Problem to solve —
Starting at the first line of the records below, reproduce every line up to and including the line with "ГЕРМАНИЯ 50 ПФЕННИГОВ", but leave out all pictures.

Information provided —
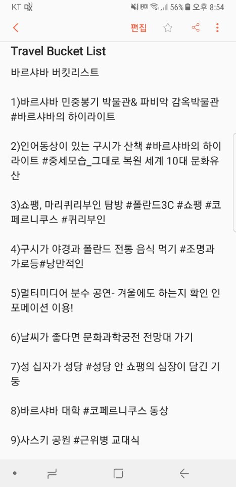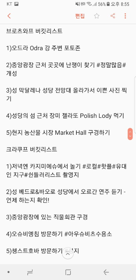 첫 여행 때 느꼈던 것 중 하나가 여행 계획은 계획일 뿐. 그날그날 조금씩 바뀌기도 하고 아예 다른 일정이 되기도 한다. 그래서 계획을 짤 때는 요일별 시간별 세세하게 짜는 것보다는 여행 버킷리스트를 만들어 하나씩 체크하는 방식이 어떨까 한다.
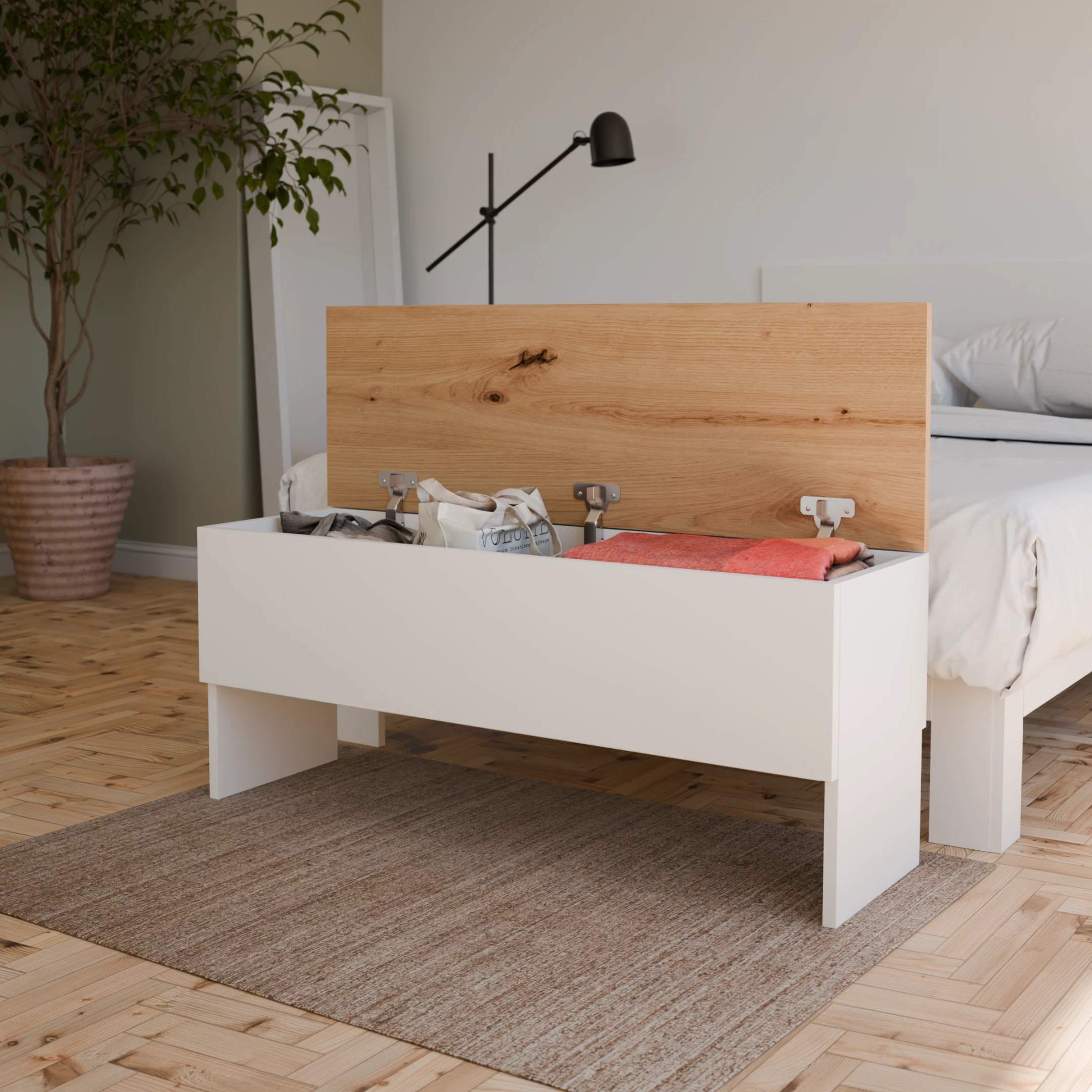 El banco arcón de madera combinado es la solución perfecta para quienes buscan orden, funcionalidad y estilo en un solo mueble. Su diseño moderno y práctico combina la belleza natural del acabado roble con colores actuales como blanco, gris, antracita o nude, creando una pieza versátil que se adapta a cualquier tipo de decoración, desde ambientes nórdicos y modernos hasta rústicos o minimalistas.
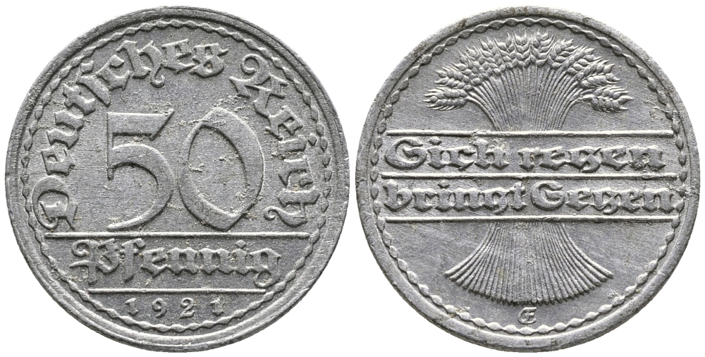 ГЕРМАНИЯ 50 ПФЕННИГОВ 1921 GF KM 27, J. 301 алюминий 24-1013
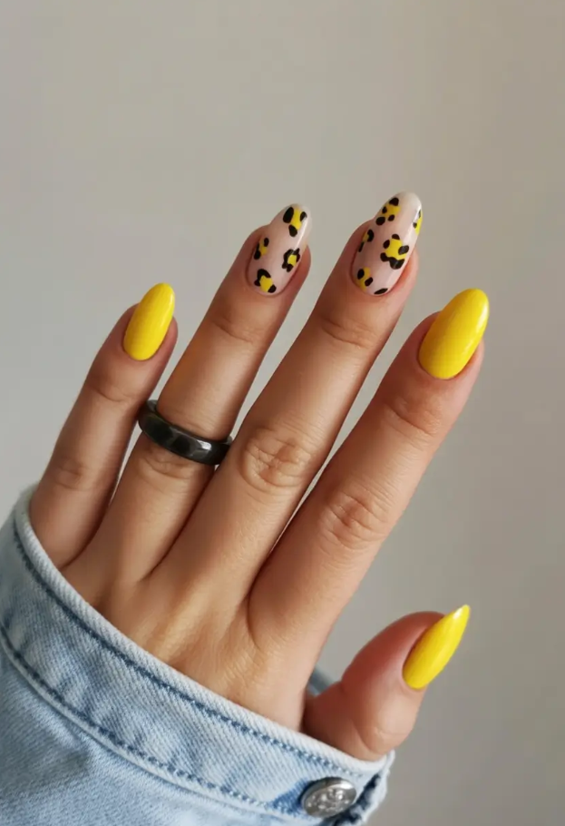 Bright yellow and minimal leopard runs together in this design encapsulating that awesomeness of a late summer and early fall layering. It is crazy, but neat structurally- allowing those almond shaped nails to bring the attitude. The funny animal print on nude base maintains things playful, and wearable.
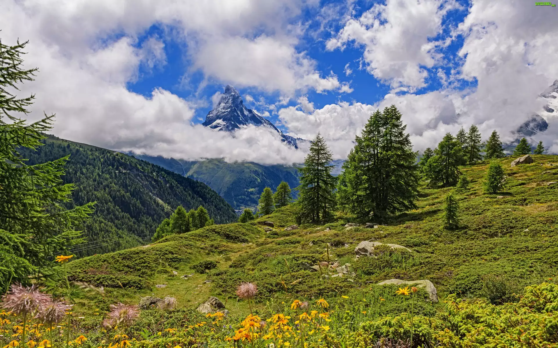 Rośliny: Góry, Szczyt, Świerki, Drzewa, Łąka, Chmury
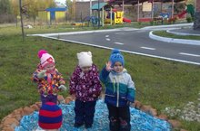 Сегодня выдалась удивительно теплая погода и ребята 1 младшей группы "Огоньки" отправились по территории детского сада с экскурсией. ребята рассматривали цветы бархатцев, петуний, которые радуют нас еще своим цветением. По дороге им встретилась сказочные герои: Баба - Яга, Старичок-лесовичок, который убирал опавшие листочки. После ребятки побывали в теремочке. Немного поиграв малыши отправились в обратный путь, где встретили паучка, греющегося на солнце. Он проводил ребят в сад-огород. Детвора с удовольствием рассматривали маленькие зеленые елочки, а капуста , выращенная старшими группами привела их в восторг. По мосточку из разноцветных пенечков малыши дошли до волшебного озера, где загадали хорошей погоды на завтра. Будем надеяться, что желание малышей обязательно исполнится.
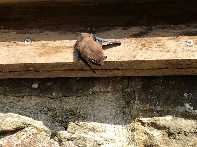 Sitting out in the open sided porch in the good weather phase we were startled by the sudden appearance of a bat – a common pipistrelle as it turned out – awake from hibernation in a thumb width gap between porch roof beam and stonewall.
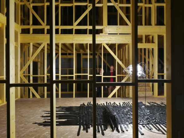 Ed è proprio quello che accade, subito dopo, quando vediamo riprodotto un grande telaio in legno che disegna nell’immenso spazio espositivo lo scheletro di una tipica bifamiliare italiana anni sessanta/settanta. Mancano i muri, manca divisone lì dove si desidera privacy. Ma quale universo si nasconde dietro le quattro mura di ogni casa? Parole, gesti e segreti sconosciuti a noi e sconosciuti, qualche volta, anche agli inquilini stessi. Ciò che è inteso per isolare è, nella serialità, in continua condivisione con le abitazioni vicine; allo stesso tempo però la casa è anche pensata per raccogliere e unire al suo interno, ma spesso contribuisce invece ad allontanare. Tanto che alla bifamiliare in mostra manca una delle due case: è tronca, manchevole, forse in costruzione. Forse come il vuoto dei suoi abitanti, forse come il vuoto dei suoi visitatori.
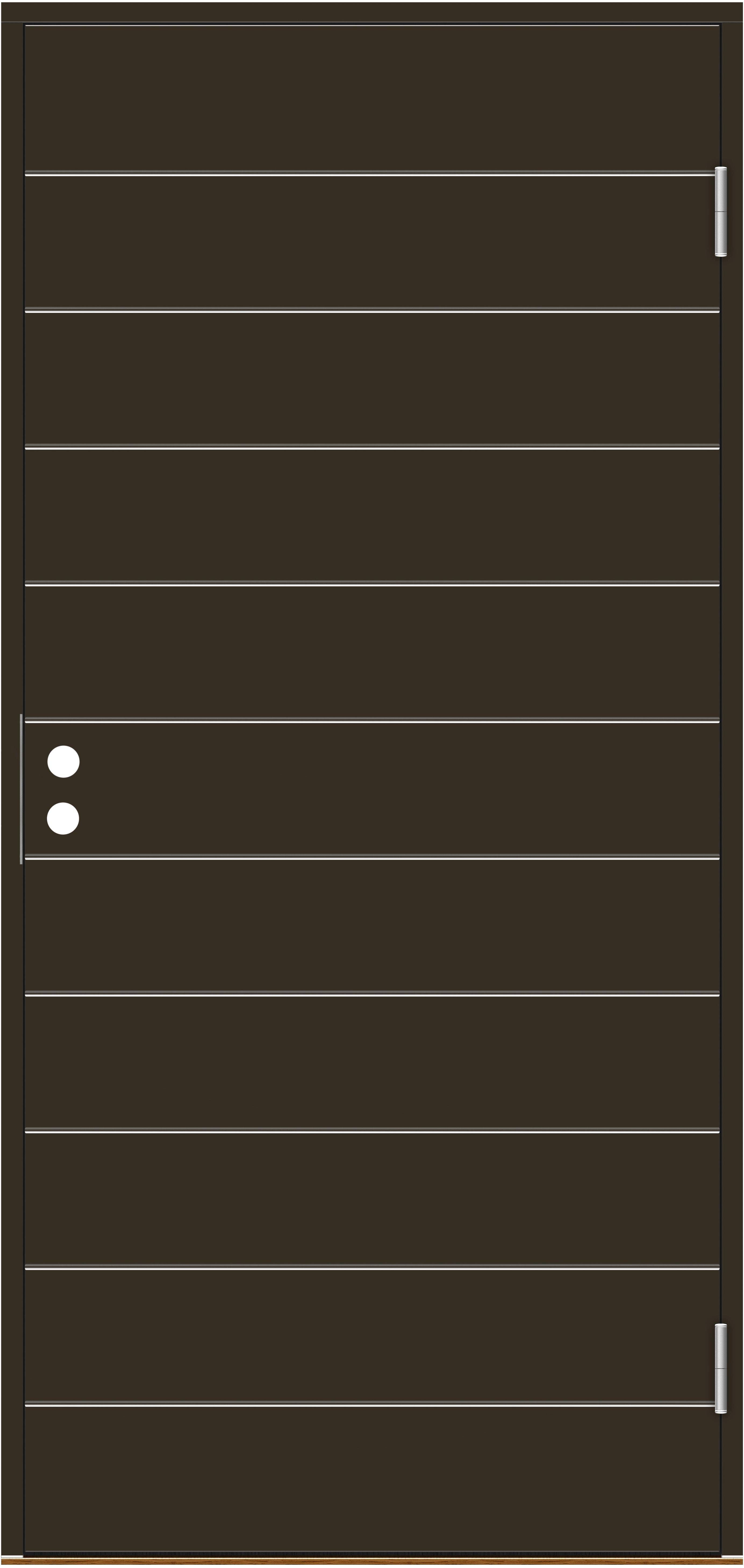 Swedoor pruun välisuks Basic B0070 on ukseavale mõõduga 9 x 21 dm, lengi mõõt on 44 x 105 mm. EPS-täitematerjaliga ja kahe alumiiniumlehega uks, millel on HDF pind, kaks hinge, silikoontihend ukses, lävepakk puitkomposiit (WPC) ning 2K-selektiivklaas. Avanemispoolel freesmuster, sulgemispool sile. Ukse käelisus on parem. Välisuks on koos lengi ja lävepakuga. Leng on kokku monteeritud ja uks hingedel. Välisukse komplekt on paigaldusvalmis. Ukseleht on ilma lukusüdamiku ja lingita. Lukuraam on ukselehes olemas.
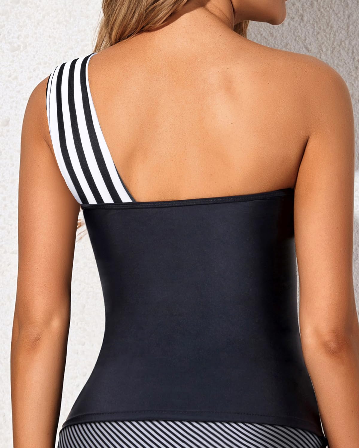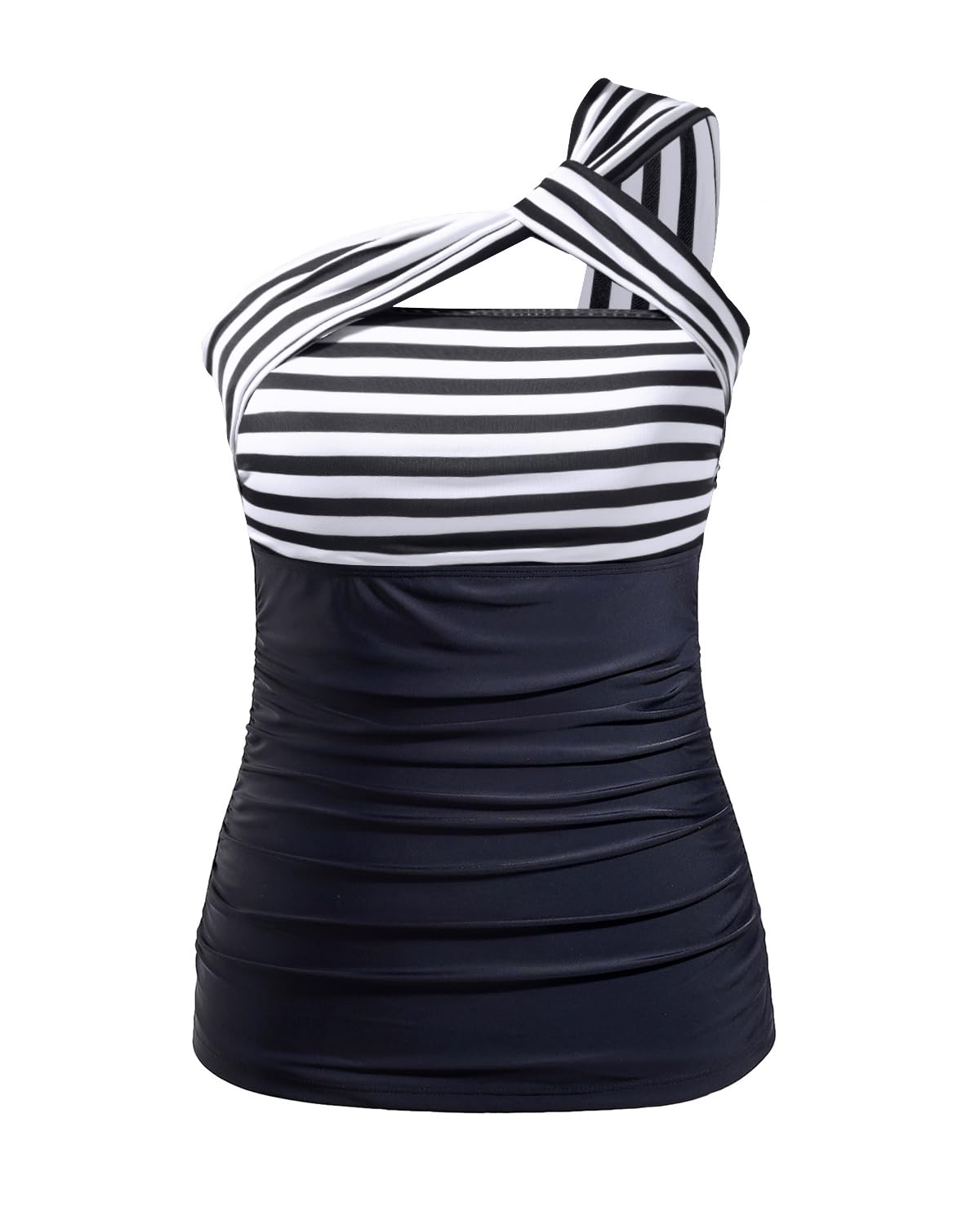 Tempt Me Women Black White Stripe Tankini Top Swim Tops Ruched One Shoulder Bathing Suit Swimsuit Tops Only XXL

Answer section —
 첫 여행 때 느꼈던 것 중 하나가 여행 계획은 계획일 뿐. 그날그날 조금씩 바뀌기도 하고 아예 다른 일정이 되기도 한다. 그래서 계획을 짤 때는 요일별 시간별 세세하게 짜는 것보다는 여행 버킷리스트를 만들어 하나씩 체크하는 방식이 어떨까 한다.
 El banco arcón de madera combinado es la solución perfecta para quienes buscan orden, funcionalidad y estilo en un solo mueble. Su diseño moderno y práctico combina la belleza natural del acabado roble con colores actuales como blanco, gris, antracita o nude, creando una pieza versátil que se adapta a cualquier tipo de decoración, desde ambientes nórdicos y modernos hasta rústicos o minimalistas.
 ГЕРМАНИЯ 50 ПФЕННИГОВ 1921 GF KM 27, J. 301 алюминий 24-1013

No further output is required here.